##### Data segment #####

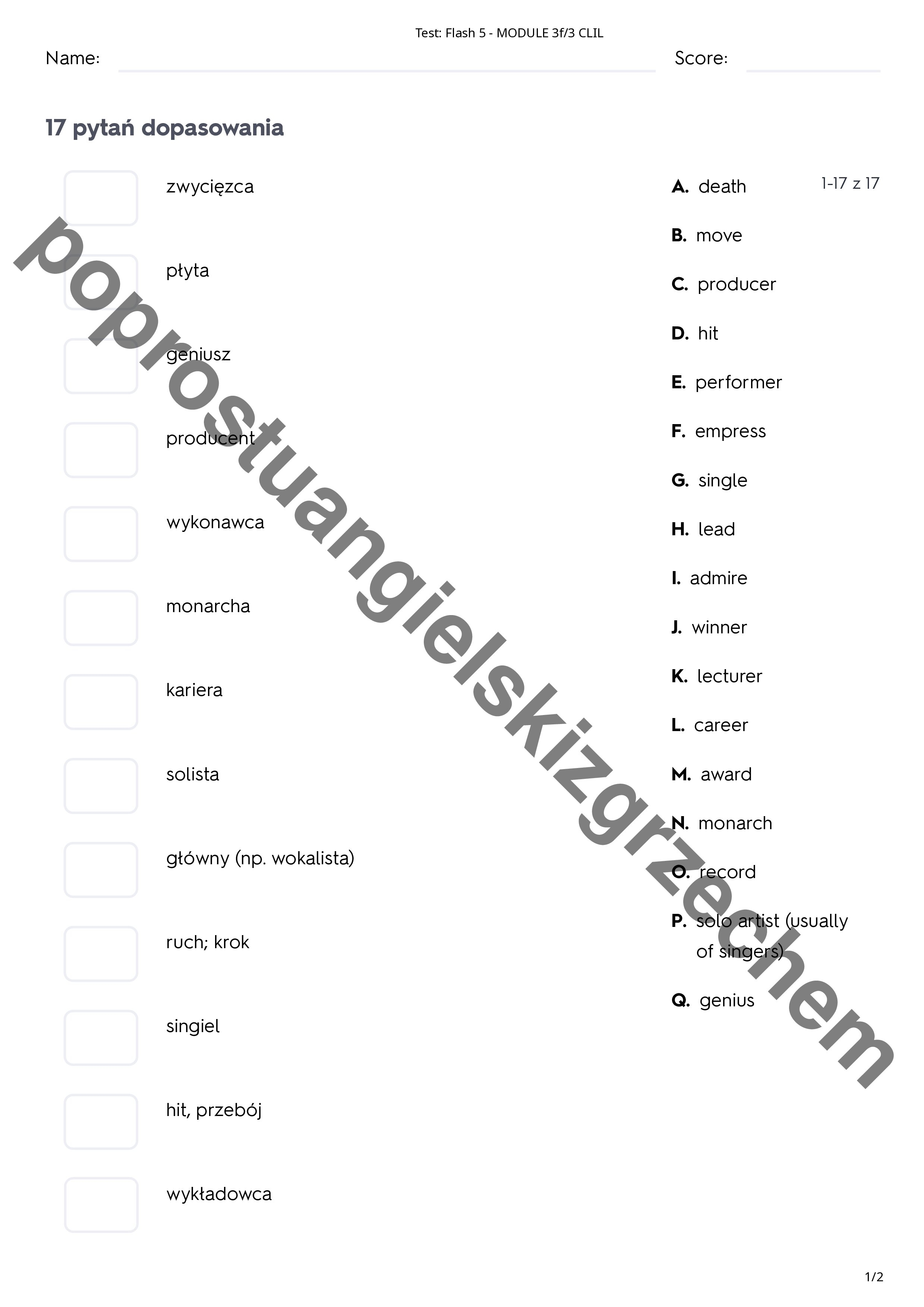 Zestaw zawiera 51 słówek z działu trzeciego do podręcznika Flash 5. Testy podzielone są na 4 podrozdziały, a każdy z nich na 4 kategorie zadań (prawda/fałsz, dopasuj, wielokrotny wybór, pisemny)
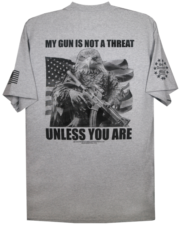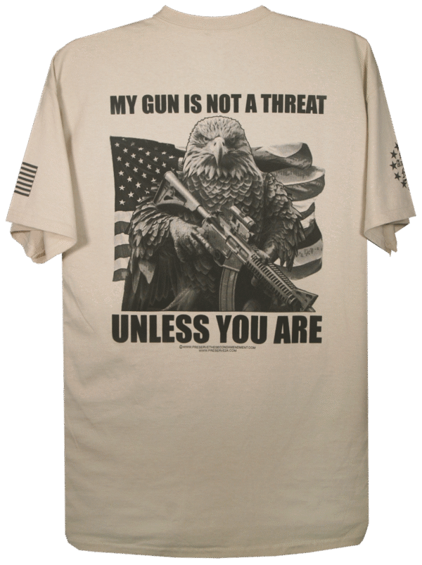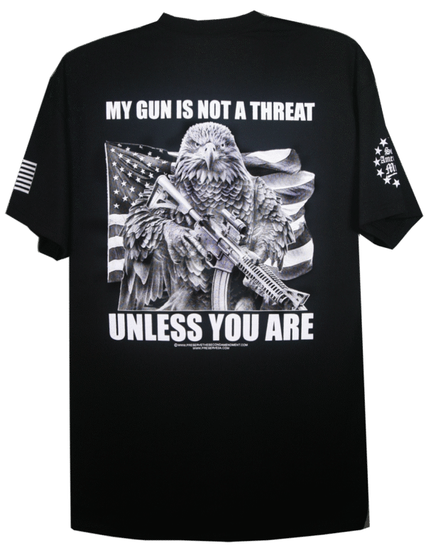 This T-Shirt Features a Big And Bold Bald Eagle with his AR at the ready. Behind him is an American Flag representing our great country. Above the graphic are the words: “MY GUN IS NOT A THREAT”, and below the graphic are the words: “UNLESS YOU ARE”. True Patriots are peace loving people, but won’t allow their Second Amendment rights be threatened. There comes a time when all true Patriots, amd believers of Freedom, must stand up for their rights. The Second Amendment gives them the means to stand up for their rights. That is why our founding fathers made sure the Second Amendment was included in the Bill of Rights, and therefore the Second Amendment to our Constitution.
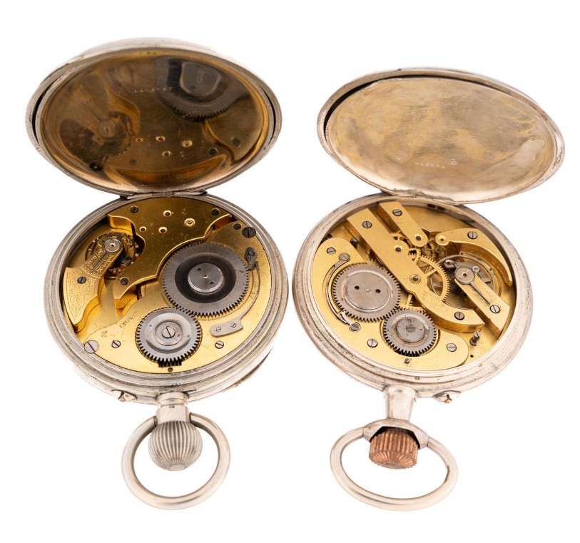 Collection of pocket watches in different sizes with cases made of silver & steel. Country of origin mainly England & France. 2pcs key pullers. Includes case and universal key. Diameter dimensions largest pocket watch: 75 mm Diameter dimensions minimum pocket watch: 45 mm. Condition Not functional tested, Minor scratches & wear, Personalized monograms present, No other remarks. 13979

#####

- _What needs to be done_:
Would you return the whole listing exactly, without the pictures?

- _Written solution_:
 Zestaw zawiera 51 słówek z działu trzeciego do podręcznika Flash 5. Testy podzielone są na 4 podrozdziały, a każdy z nich na 4 kategorie zadań (prawda/fałsz, dopasuj, wielokrotny wybór, pisemny)
 This T-Shirt Features a Big And Bold Bald Eagle with his AR at the ready. Behind him is an American Flag representing our great country. Above the graphic are the words: “MY GUN IS NOT A THREAT”, and below the graphic are the words: “UNLESS YOU ARE”. True Patriots are peace loving people, but won’t allow their Second Amendment rights be threatened. There comes a time when all true Patriots, amd believers of Freedom, must stand up for their rights. The Second Amendment gives them the means to stand up for their rights. That is why our founding fathers made sure the Second Amendment was included in the Bill of Rights, and therefore the Second Amendment to our Constitution.
 Collection of pocket watches in different sizes with cases made of silver & steel. Country of origin mainly England & France. 2pcs key pullers. Includes case and universal key. Diameter dimensions largest pocket watch: 75 mm Diameter dimensions minimum pocket watch: 45 mm. Condition Not functional tested, Minor scratches & wear, Personalized monograms present, No other remarks. 13979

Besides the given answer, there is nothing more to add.